_DIRECTIONS FOR THIS TASK_
Restate exactly the lines of the entries below, beginning with the first and ending with the line that holds "2015年10月21日 17". Pictures are not copied.

_SOURCE MATERIAL_
------------

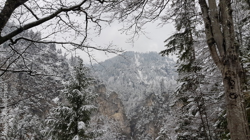 Snow-covered trees and white mountains at Schloss Neuschwanstein Germany and behind the picture is the Queen Mary Bridge.
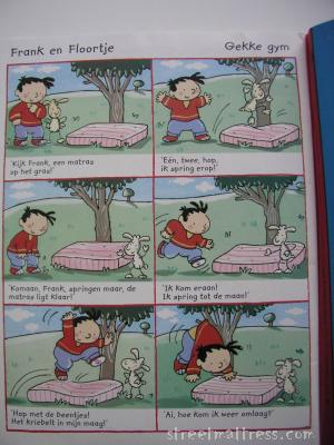 The story : "Look frank (not our Belgian friend!), a matt on the grass! 1,2,3 hip,i jump on it" come on frank, jump along, the matt is ready! i am coming, i'll jump to the moon! hop with my legs, it tickles my stomach! ai, how will i come down again?"
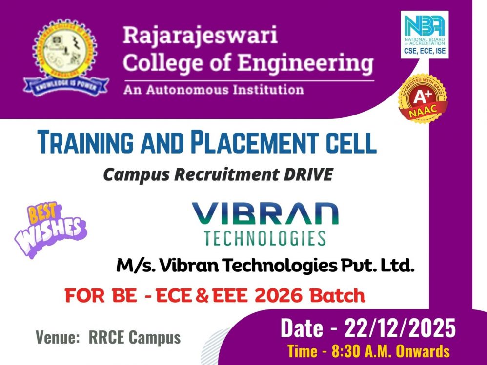The Training and Placement Cell of Rajarajeswari College of Engineering (RRCE) successfully conducted a Campus Recruitment Drive by M/s. Vibran Technologies Pvt. Ltd. for B.E. ECE and EEE students of the 2026 batch.
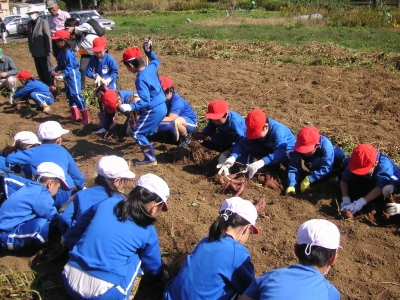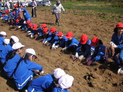 2015年10月21日 17時45分10月21日(水)、さわやかな秋晴れのもと、大町生き生き農園で須賀川市生き生き交流農園収穫祭が開かれました。毎年この収穫祭に本校2年生が招待されています。今年も、2年生がさつまいも収穫の体験をさせていただき、その後、トン汁をごちそうになりました。子どもたちにとって、楽しい一日となりました。おみやげに大きなサツマイモをいただきました。須賀川市老人クラブ連合会の皆様にお礼申しあげます。
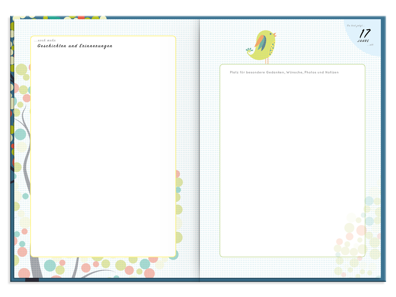 Ein wundervolles Erinnerungsalbum, bei dem Eltern und Familie über 18 Jahre alle Momente und Erlebnisse des eigenen Kinds auf besondere Art und Weise festhalten können. Mit der Geburt beginnend enthält dieses einzigartige Album für jedes Jahr liebevoll gestaltete Seiten zum Eintragen, Einkleben und Selbstgestalten. Damit das Album auch lange Freude bereitet, sind die Seiten besonders stabil und der Einband des Buches fest und folienkaschiert. Und für das gewisse Etwas gibt es eine wunderschöne Goldfolienprägung auf dem Cover des Buches, so kann jeder erkennen dass es sich um ein einzigartiges, persönliches Erinnerungsstück handelt. Einmal ausgefüllt ist dieses Erinnerungsbuch ein für immer verbindendes Band zwischen Eltern und Kind.
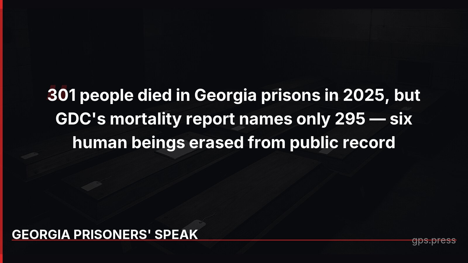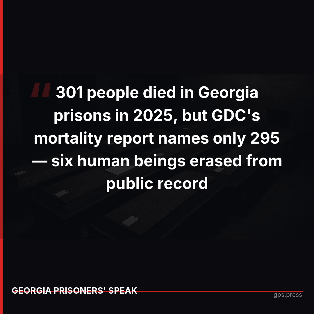 The Georgia Department of Corrections published statistics showing 301 people died while serving state sentences in 2025. But when GPS obtained their official mortality report, only 295 names were listed. Six human beings who died under state authority have been erased from the public record.
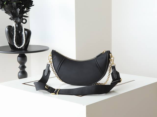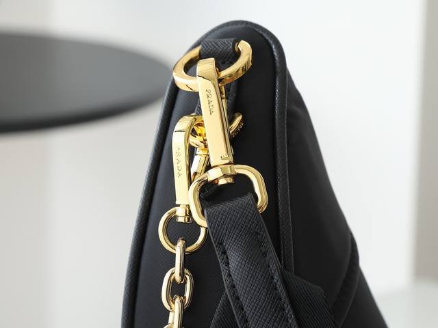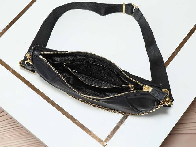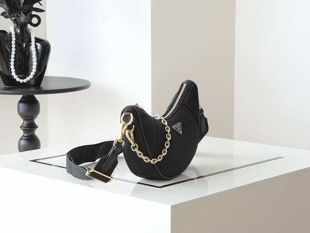 This Re-Nylon handbag is made of recycled nylon fabric, exquisite and versatile, combining archive style with practical contemporary style. The half-moon silhouette, with detachable sporty shoulder straps and elegant chain handles, can be carried in a variety of ways. It is perfect for crossbody, underarm bag and handbag. Hurry up and buy it
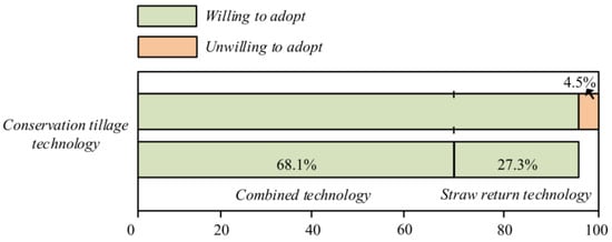 The survey results show that smallholder farmers are more willing to adopt conservation tillage technology (95.5%). Specifically, 27.3% of farmers adopted the straw-returning technology, while 68.1% have adopted the combination of straw-returning + no-tillage or subsoiling technology (Figure 3).
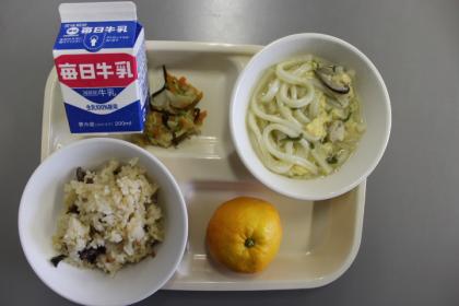 今日の献立は、牛乳・きのこごはん・かやくうどん・昆布和え・果物です。ごちそうさまでした(*^_^*)
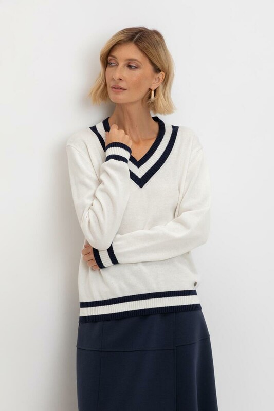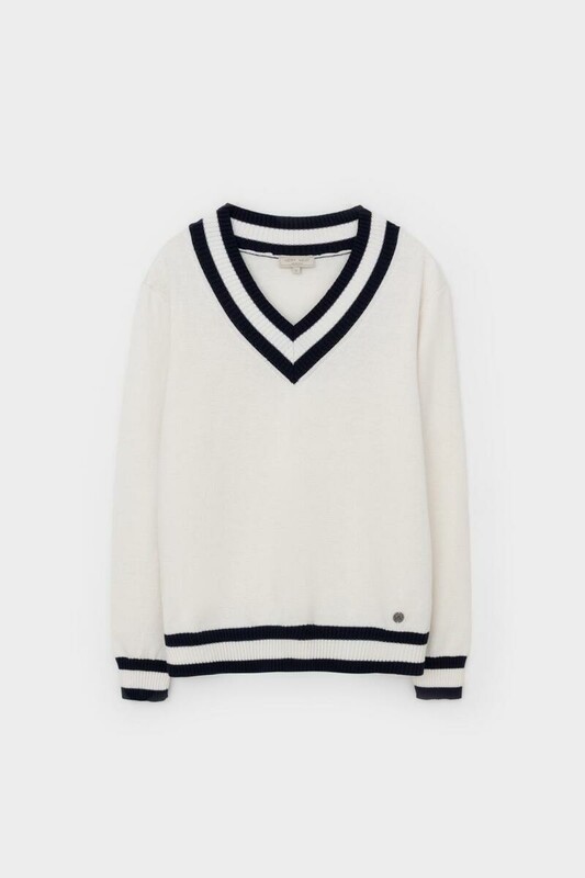 Гладкий хлопковый джемпер с V-вырезом является основой любого гардероба. Его дополняет не менее классическая отделка контрастными деталями, а спущенная линия плеч завершает его комфортной посадкой.

------------

_SOLUTION FOR THIS TASK_
 Snow-covered trees and white mountains at Schloss Neuschwanstein Germany and behind the picture is the Queen Mary Bridge.
 The story : "Look frank (not our Belgian friend!), a matt on the grass! 1,2,3 hip,i jump on it" come on frank, jump along, the matt is ready! i am coming, i'll jump to the moon! hop with my legs, it tickles my stomach! ai, how will i come down again?"
The Training and Placement Cell of Rajarajeswari College of Engineering (RRCE) successfully conducted a Campus Recruitment Drive by M/s. Vibran Technologies Pvt. Ltd. for B.E. ECE and EEE students of the 2026 batch.
 2015年10月21日 17時45分10月21日(水)、さわやかな秋晴れのもと、大町生き生き農園で須賀川市生き生き交流農園収穫祭が開かれました。毎年この収穫祭に本校2年生が招待されています。今年も、2年生がさつまいも収穫の体験をさせていただき、その後、トン汁をごちそうになりました。子どもたちにとって、楽しい一日となりました。おみやげに大きなサツマイモをいただきました。須賀川市老人クラブ連合会の皆様にお礼申しあげます。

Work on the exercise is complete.